# [WHAT IS EXPECTED]
Return the records word for word. Any pictures in them are not part of the copy.

··· TASK DATA ···

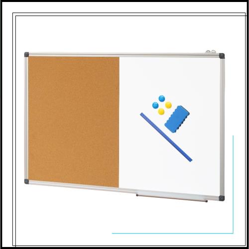 コーティングホワイトボードとコルクボードを組み合わせた、様々な用途にご使用いただけます。ホワイトボードは書いたり記録したりするのに使えます。コルクボードは、書類やメモ、写真などをピンで留めることができ、大切なものをすべて手の届くところに置くことができます。
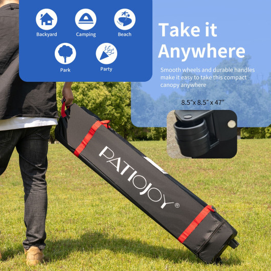 - -Commercial grade canopy tent provides 6.6′ x 6.6′ large shade
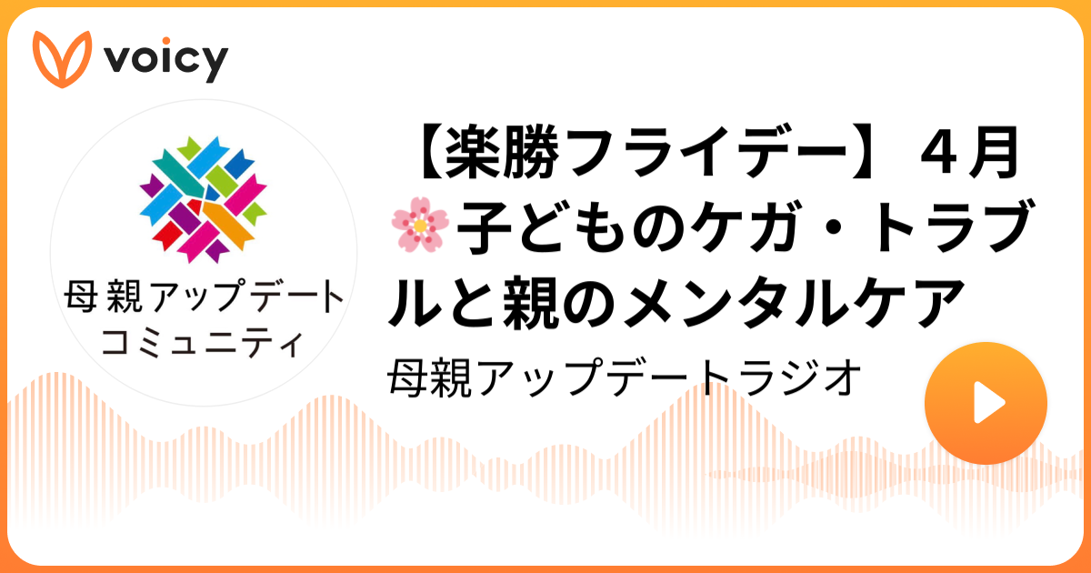 【楽勝フライデー】4月🌸子どものケガ・トラブルと親のメンタルケア | 母親アップデートコミュニティ(HUC)「母親アップデートラジオ」/ Voicy - 音声プラットフォーム音声放送チャンネル「母親アップデートコミュニティ(HUC)」の「【楽勝フライデー】4月🌸子どものケガ・トラブルと親のメンタルケア(2024年4月19日放送)」。Voicy - 音声プラットフォームvoicy.jp
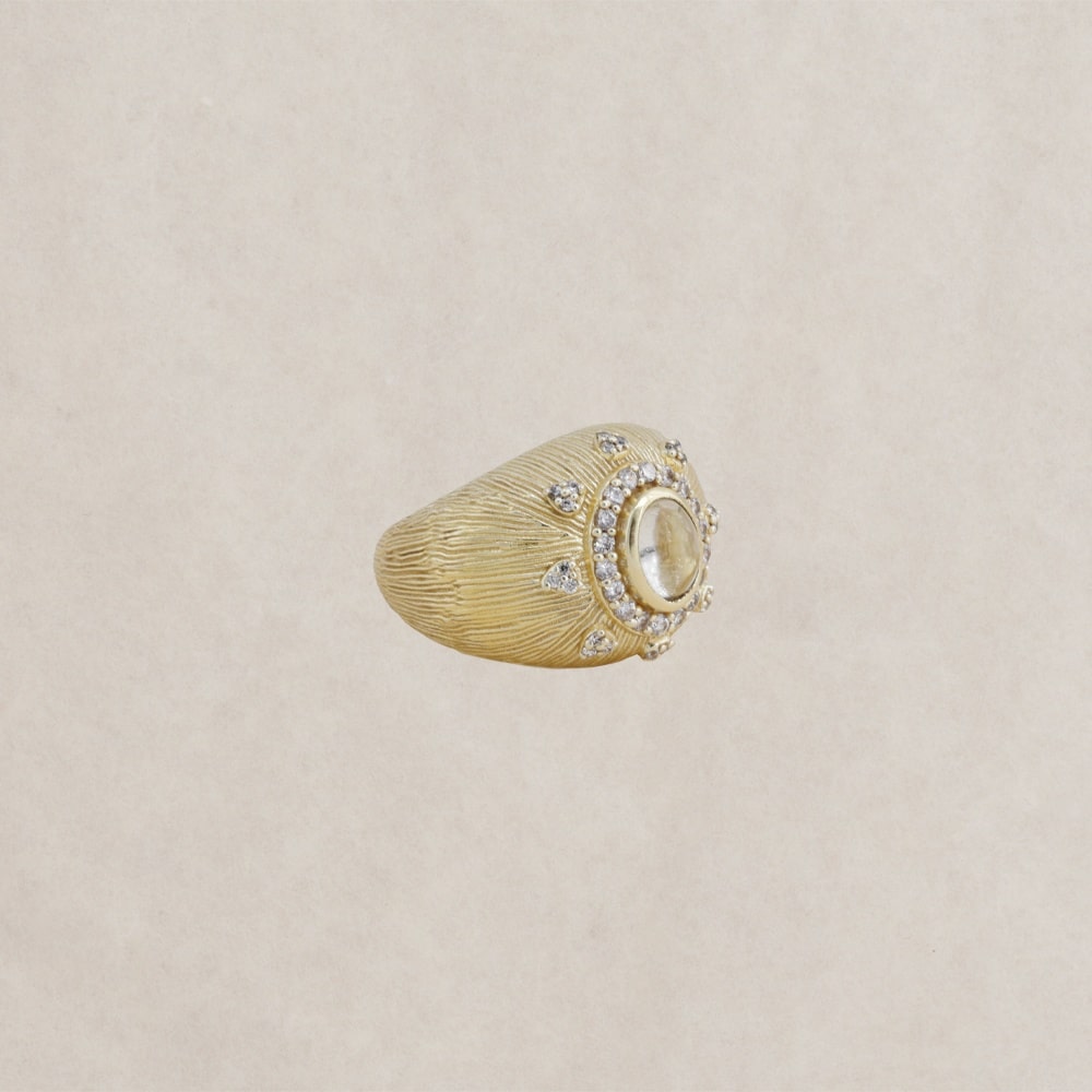 La bague « Cyclamen » de Diaperis est une pièce précieuse en plaqué or, sublimée par des pierres naturelles d’Améthyste verte et des zircons étincelants. Son design arrondi et strié ajoute une touche de sophistication à ce bijou unique. Les pierres Améthyste verte, aux teintes profondes et envoûtantes, varient légèrement selon la lumière, rendant chaque bague véritablement exclusive. Les zircons apportent un éclat supplémentaire, faisant de la bague « Cyclamen » un choix parfait pour les amateurs de bijoux élégants et raffinés. Ce bijou, à la fois intemporel et moderne, s’adapte à toutes les occasions, du quotidien aux événements spéciaux.
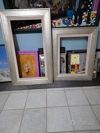 vendo 2 cornici in legno trattate con foglia d'argento. in alcuni punti la foglia d'argento mancante ma si vede e non. comunque se siete artigiani la potete sempre fare come volete. possiedono entrambe il pass partou e sono rispettivamente per tele 50x70cm e 50x100cm
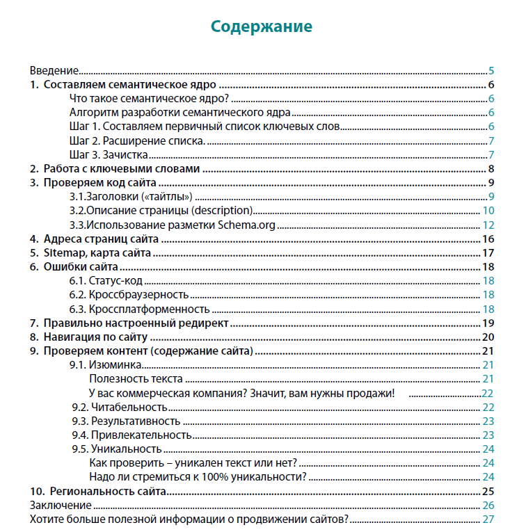 А ещё, Вы узнаете, как сделать в течение дня подготовку сайта к его продвижению и, как очень быстро, во-первых: выявить, а во-вторых: устранить все недостатки, влияющие на его продвижение в Интернет. Привожу скриншот оглавления книги, чтобы Вы увидели все разделы :
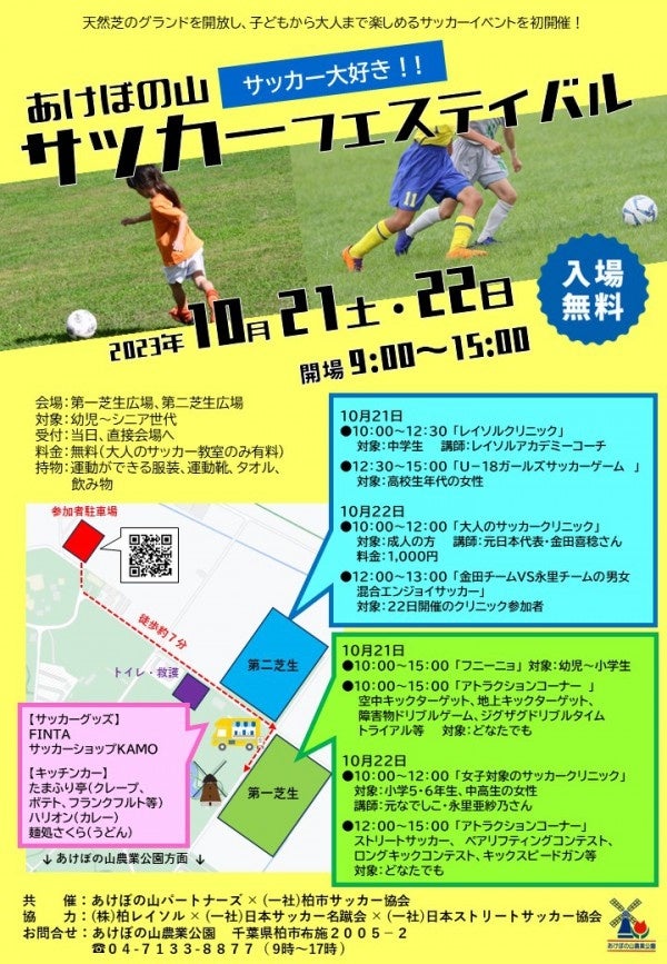 元日本代表選手を講師に迎えたサッカー教室や、どなたでも参加できるアトラクションコーナーなど、入場無料でご参加いただけます。サッカーで思い切り体を動かしましょう!!
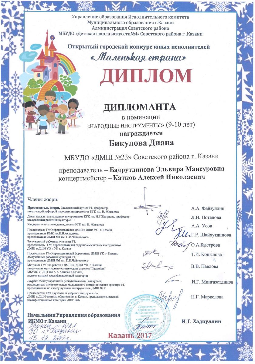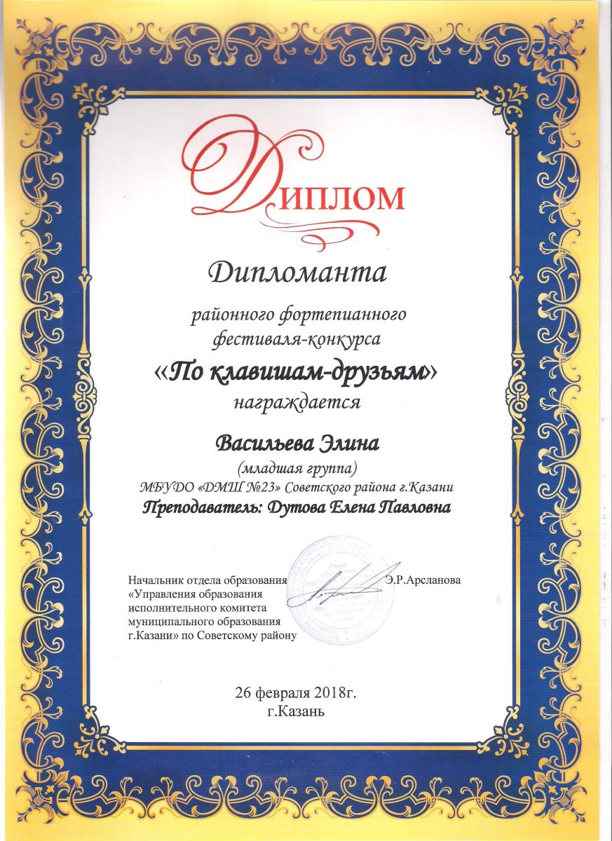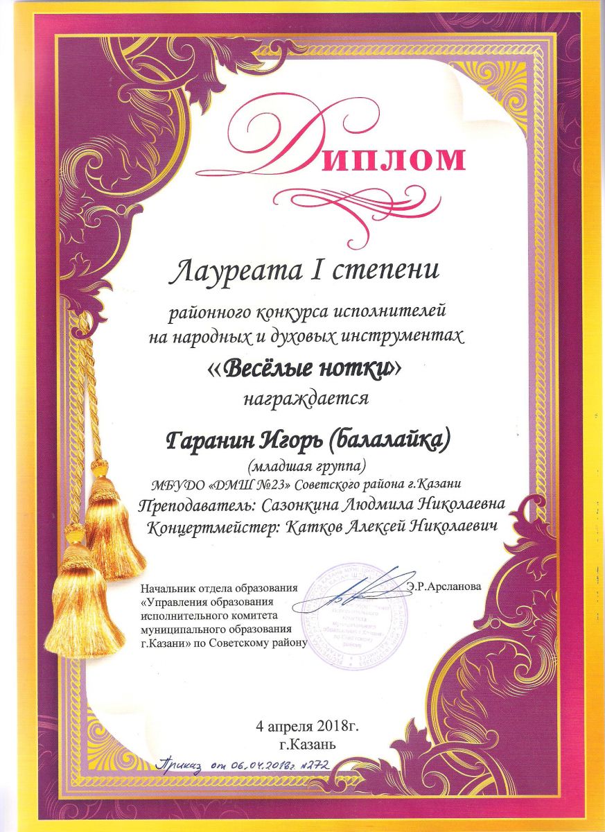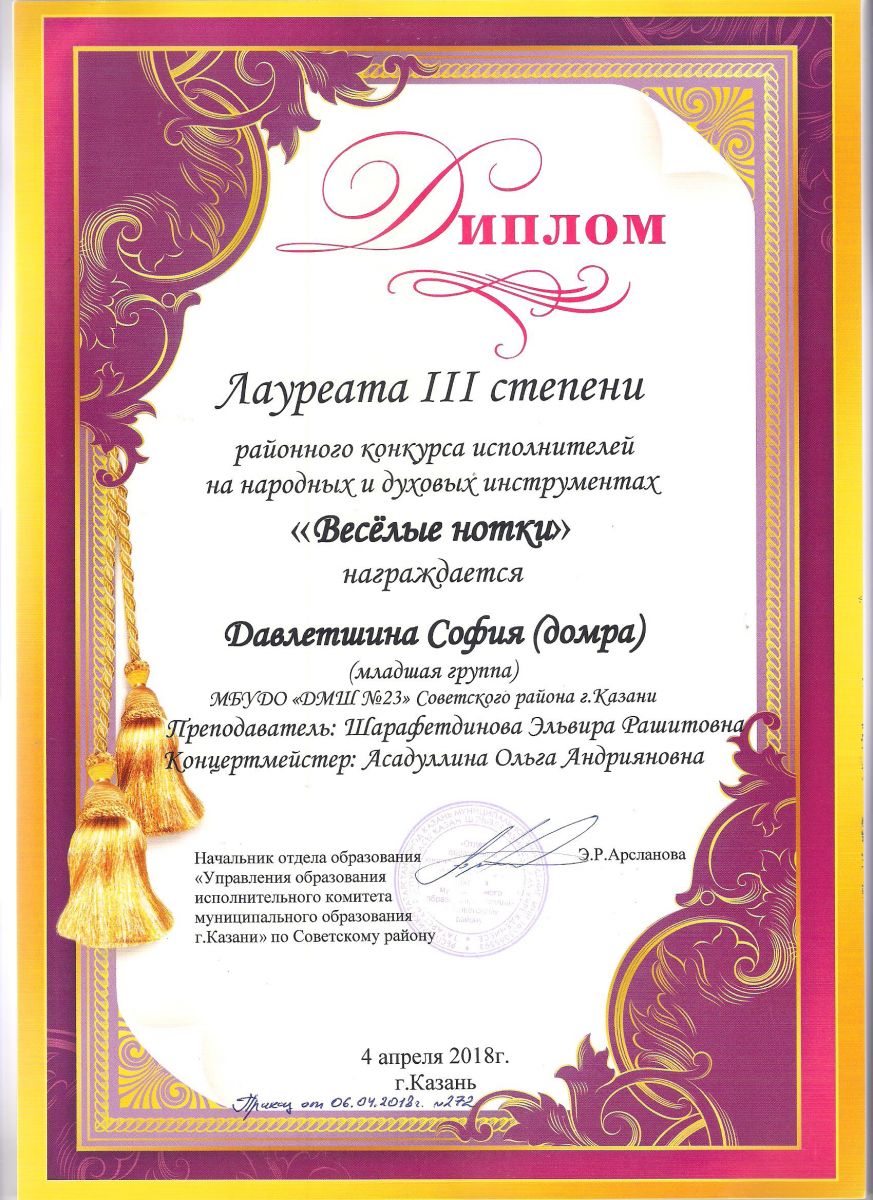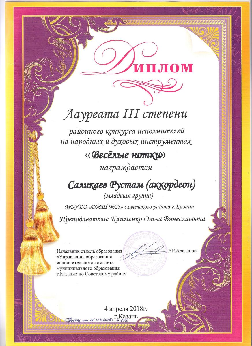 Районный конкурс исполнителей на народных и духовых инструментах "Весёлые нотки" - Диплом дипломанта 1 степени - Сабирзянова Адиля (преподаватель: Петрова М.С., концертмейстер: Петрова М.С.)

···

# [RESULT OF THIS TASK]
 コーティングホワイトボードとコルクボードを組み合わせた、様々な用途にご使用いただけます。ホワイトボードは書いたり記録したりするのに使えます。コルクボードは、書類やメモ、写真などをピンで留めることができ、大切なものをすべて手の届くところに置くことができます。
 - -Commercial grade canopy tent provides 6.6′ x 6.6′ large shade
 【楽勝フライデー】4月🌸子どものケガ・トラブルと親のメンタルケア | 母親アップデートコミュニティ(HUC)「母親アップデートラジオ」/ Voicy - 音声プラットフォーム音声放送チャンネル「母親アップデートコミュニティ(HUC)」の「【楽勝フライデー】4月🌸子どものケガ・トラブルと親のメンタルケア(2024年4月19日放送)」。Voicy - 音声プラットフォームvoicy.jp
 La bague « Cyclamen » de Diaperis est une pièce précieuse en plaqué or, sublimée par des pierres naturelles d’Améthyste verte et des zircons étincelants. Son design arrondi et strié ajoute une touche de sophistication à ce bijou unique. Les pierres Améthyste verte, aux teintes profondes et envoûtantes, varient légèrement selon la lumière, rendant chaque bague véritablement exclusive. Les zircons apportent un éclat supplémentaire, faisant de la bague « Cyclamen » un choix parfait pour les amateurs de bijoux élégants et raffinés. Ce bijou, à la fois intemporel et moderne, s’adapte à toutes les occasions, du quotidien aux événements spéciaux.
 vendo 2 cornici in legno trattate con foglia d'argento. in alcuni punti la foglia d'argento mancante ma si vede e non. comunque se siete artigiani la potete sempre fare come volete. possiedono entrambe il pass partou e sono rispettivamente per tele 50x70cm e 50x100cm
 А ещё, Вы узнаете, как сделать в течение дня подготовку сайта к его продвижению и, как очень быстро, во-первых: выявить, а во-вторых: устранить все недостатки, влияющие на его продвижение в Интернет. Привожу скриншот оглавления книги, чтобы Вы увидели все разделы :
 元日本代表選手を講師に迎えたサッカー教室や、どなたでも参加できるアトラクションコーナーなど、入場無料でご参加いただけます。サッカーで思い切り体を動かしましょう!!
 Районный конкурс исполнителей на народных и духовых инструментах "Весёлые нотки" - Диплом дипломанта 1 степени - Сабирзянова Адиля (преподаватель: Петрова М.С., концертмейстер: Петрова М.С.)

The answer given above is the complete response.